FROM TRANSACTION DATA

Technical field

The invention relates to a system for retrieving privacy-filtered information from transaction data and other data sources.

Background

In today's globally networked society person-specific data is created at a dazzling pace. A part of this data is transaction data. The latter comprises amongst others financial transaction data, which is confidential by nature, and can therefore not be made available publicly in its raw original form. A known solution to guarantee confidentiality is by reporting only aggregate statistical information on a very general level. This however eliminates a lot of the potential the data offers. Producing anonymous data that remains specific enough to be useful is often a very difficult task, and practice today tends to either incorrectly believe confidentiality is maintained when it is not or to produce data that is practically useless.

US 7,269,578 discloses a concept for anonymizing data according to an anonymity criterion called k-anonymity. Given person-specific data organized in fields and entries, the data is said to have the k-anonymity property if the information for each person contained in the data cannot be distinguished from at least k-1 individuals whose information also appears in the data set. The concept disclosed in US 7,269,578 is however limited to the anonymization of data, without consideration of the further processing nor the specific nature of the data. In contrast to this, the present invention is not limited to anonymizing data and includes several other key aspects concerned with the processing of the data. Furthermore, the concept disclosed in this document is adapted for data of a specific nature, i.e. transaction data and data relating to it.

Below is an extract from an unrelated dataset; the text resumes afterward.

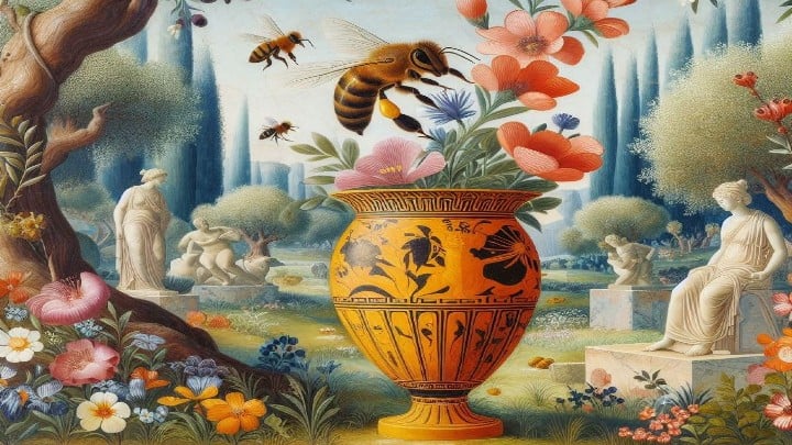 Στην αρχαία Ελλάδα, οι Μέλισσες και το μέλι ήταν ένα σημαντικό σύμβολο, συχνά συνδεδεμένο με τη γνώση, την υγεία και τη δύναμη. Τα έντομα θεωρούνταν ακόμη και υπηρέτες των θεών, με το μέλι να λατρεύεται για τις θεραπευτικές του ιδιότητες.

US 8,626,705 discloses a concept for determining aggregated transaction level data for specific group characteristics. The method involves an aggregator server determining a plurality of aggregates from parsed transaction data. The concept disclosed in US 8,626,705 is limited to the assembly of aggregates without tackling the problem of anonymity. Opposed to this, the invention disclosed in this document provides a systematic approach to aggregation that incorporates anonymity as an integral part, both through tokenization (local anonymization) and through a complementary anonymization step that takes into account the entire transaction data aggregate. US 2014/0089041 discloses an apparatus for identifying misclassified customers in a customer database. The apparatus may include a receiver configured to receive information corresponding to a plurality of customers and information corresponding to a plurality of transactions. The apparatus may additionally include a processor configured to calculate a mean transaction value and a standard deviation from the mean transaction value, wherein the mean transaction value is calculated using the plurality of transactions. The concept disclosed in US 2014/0089041 is limited to the maintenance of a customer database relating to transaction data, without incorporating any aspect of anonymity. In contrast, the present invention incorporates a strategy to handle anonymity explicitly and systematically. Additionally, embodiments of the present invention allow for maintenance of the customer database by incorporating realtime data in the raw transaction data, allowing to update customer data by means of rules, preferably automated rules.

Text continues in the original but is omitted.